Hubertus Heil, der stellvertretende Vorsitzende der SPD-Bundestagsfraktion, erinnerte daran, dass die damalige große Koalition zu Beginn der Krise schnell und gut reagiert habe. Es sei besser, Arbeit als Arbeitslosigkeit zu finanzieren. "Schlecht ist es, dass das Arbeitsvolumen nicht gestiegen ist, zusätzliche Arbeit prekäre Arbeit ist", so Heil. "Wir brauchen gerechtere und fairere Regelungen am Arbeitsmarkt", fordert der Bundestagsabgeordnete.
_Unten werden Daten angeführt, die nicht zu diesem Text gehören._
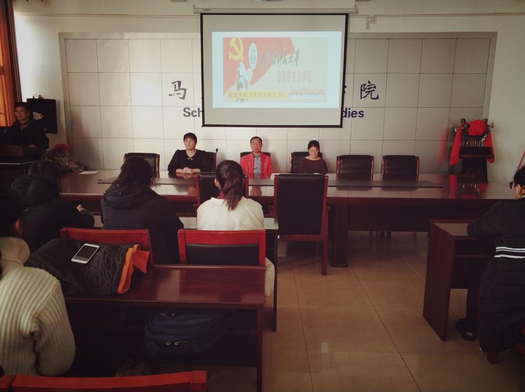 在腾飞楼C517举办本学期“宿舍文化节”表彰大会,学院党总支副书记、学工办老师和优秀宿舍代表、优秀个人代表等50余名学生参加了此次会议。

Zeit- und Leiharbeitnehmer seien ein Mittel zum Abbau von Auftragsspitzen der Unternehmen gewesen, heute sei es ein Instrument zum Lohndumping geworden. "Da haben wir Mist gebaut, haben die Missbrauchsmöglichkeiten unterschätzt, die sogenannten christlichen Gewerkschaften haben die Tarifverträge unterlaufen", meint Heil rückblickend und fordert, "dass das Arbeitnehmerüberlassungsgesetz novelliert wird."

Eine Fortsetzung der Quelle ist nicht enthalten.